Here the code uses a method called “clip_gradients” which involves knowledge about gradient clipping. I searched through the book; this concept is not introduced until 9.5.3. Because this section is to implement linear regression “from scratch”. I suggest we replace this method with something more intuitive for students to understand.
Regarding question #7 in the exercises: 7. If the number of examples cannot be divided by the batch size, what happens to data_iter
at the end of an epoch?
This topic can be a good teachable moment, but the question needs to be designed more methodically. What happens to a variable in the code is irrelevant here. The real question worth thinking about is - “What should we (or the code) do when a dataset of size M cannot be evenly divided into batches of size N”?
Just thinking about it logically, we have a few options:
A) throw an error
B) force the batch size to closest fit where it evenly divides the dataset
C) divide the dataset and leave one final batch of differing size
D) divide the dataset and trim the final batch of differing size
A) can work, but is not ideal as this problem can be feasibly solved. B) can also work - however in the case where the length of the dataset is a prime number, this effectively will turn mini-batch gradient descent off and just do one big batch with all of the data. For example, a dataset of 101 samples will just be one big batch of 101. This may not be ideal for whoever is using our code.
Ultimately, C) and D) are what it seems modern libraries go for. Pytorch, for example, addresses this in their DataLoader class constructor, specifically the drop_last argument.

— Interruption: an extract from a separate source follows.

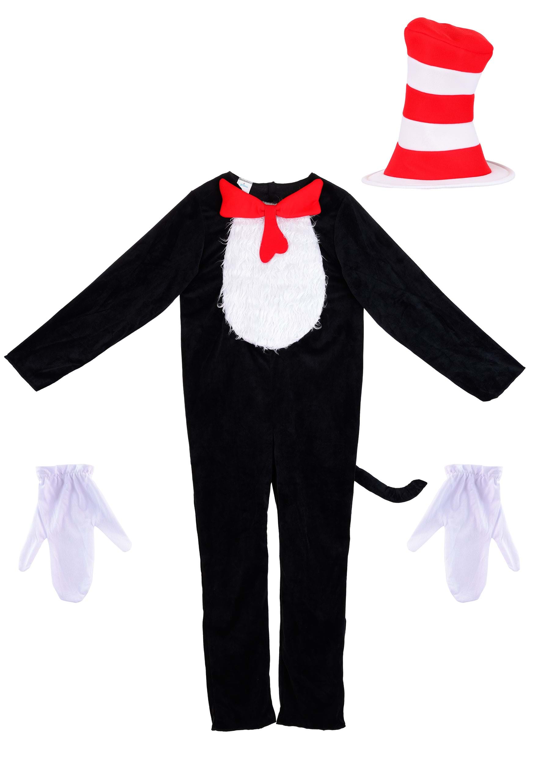 This black jumpsuit features an attached stuffed black tail, a white faux fur belly patch, and an oversized red bow tie, just like the real Cat in the Hat! The outfit also comes with an oversized striped hat with a clever pocket in the lining, so you can carry your valuables without changing the look. The white gloves complete the transition!

Would like for the authors/editors here to be a bit more focused on asking thought-provoking questions and exploring problems (that are pertinent) more deeply. There are a lot of exercises that go way off tangent from the lesson, and others that dive into more advanced topics - which is a problem when you have not ensured that the student has, on a consistent basis, been given the necessary content to master the fundamentals.
In 3.4.2 they say
In the implementation, we need to transform the true value
y
into the predicted value’s shapey_hat
Isn’t this inconsistent? We should be transforming the predicted value’s shape to the true value right?
with torch.no_grad():
loss.backward()
shouldnt loss.backward be before torch.no_grad
For question 3 in the exercises.
I thought about using a wide range of lambdas and temperatures to calculate the spectral density function then using the temperature as my X or predictor and spectral density function as my y or target.
Am I missing something?
I put this answer for the very first question in the exercise, in case that there are people like me, who (after reading all the discussions about breaking symmetry in weight initialization, etc.) still don’t really understand why initializing weights to zeros still work in this specific exercise, and why it doesn’t work in general.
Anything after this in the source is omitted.